The IPPH mobile unit research program is recruiting for both All of Us and COMPASS, and eligible city residents are welcome to enroll in both studies simultaneously. Residents who sign up for either or both programs through the mobile units can expect their experience to be similar to a doctor’s visit. The vehicles are equipped with stations where participants use an iPad to complete surveys on their health history, plus two exam rooms where phlebotomists can draw blood and record participants’ height, weight, and blood pressure. Blood and urine samples are processed on the spot by research professionals in the onboard lab space.

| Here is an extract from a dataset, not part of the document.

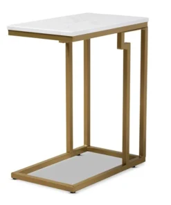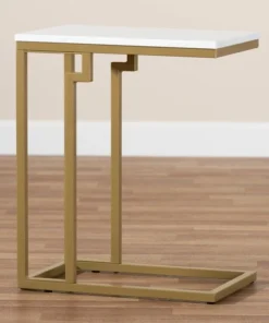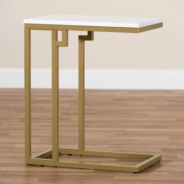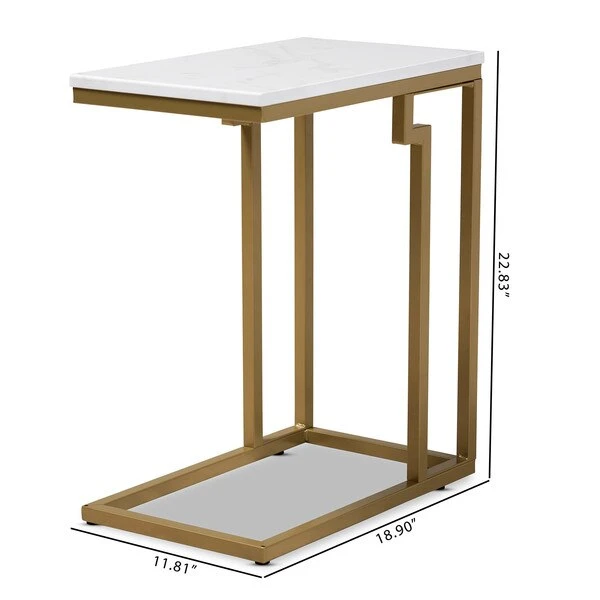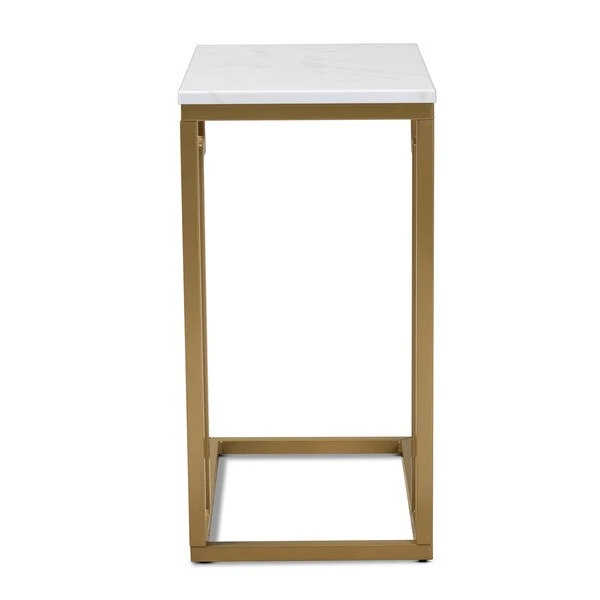 Cultivate a luxurious feel in your space with the Renzo end table. The Renzo features a stunning white faux marble tabletop that bears a striking resemblance to the genuine stone. The clean, sharp lines on the gold-finished frame convey a light, airy feel. Its slim silhouette makes it well suited for placement next to a sofa or chair. The Renzo end table requires assembly.
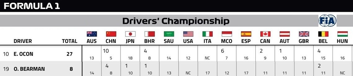 ハースのエステバン・オコンとオリバー・ベアマンの2025年F1の前半成績比較。

The All of Us consent process and health surveys typically take about an hour to complete but can be finished ahead of time before coming to the mobile unit. The collection of biospecimens and biometric data onsite takes about 30 minutes, and participants are compensated for their time with $25-75, depending on whether they enroll in one or both of the research programs. Anyone 18 or older can join All of Us, while COMPASS is recruiting participants over 35 years.
Although neither study provides medical treatment, participants will have access to some information about their health generated in the course of these research programs. However, Habibul Ahsan, MD, MMedSc, director and principal investigator at the IPPH, says that “eventually, we hope to offer medical care on the units as a service to the communities with which we partner.”
In the long term, all data gathered through the All of Us Research Program will be anonymized and encrypted before becoming available to the wider research community via an online data platform. The NIH has established different levels of access for the data: only vetted researchers will be able to view anonymized data from individual participants, but members of the general public will be able to examine the data in aggregate, enabling its use for educational purposes and in citizen science initiatives.
Because both All of Us and COMPASS are designed as long-term studies, it will be many years before their full impact on precision healthcare is felt. In the meantime, Chicago residents can seek out the mobile units in their neighborhoods, knowing that they are helping build some of the most ambitious and diverse biomedical datasets to date. “By contributing to these datasets, participants are helping to improve the health of their own community and taking part in the advancement of scientific research,” says Ahsan.
“We’re excited to bring these initiatives into the community, thereby making it easier and more convenient for Chicago residents to participate,” adds Aschebrook-Kilfoy. “Our hope is that the mobile units will help us facilitate a more inclusive approach to population precision medicine, and make sure that all the communities we serve have a seat at the table.”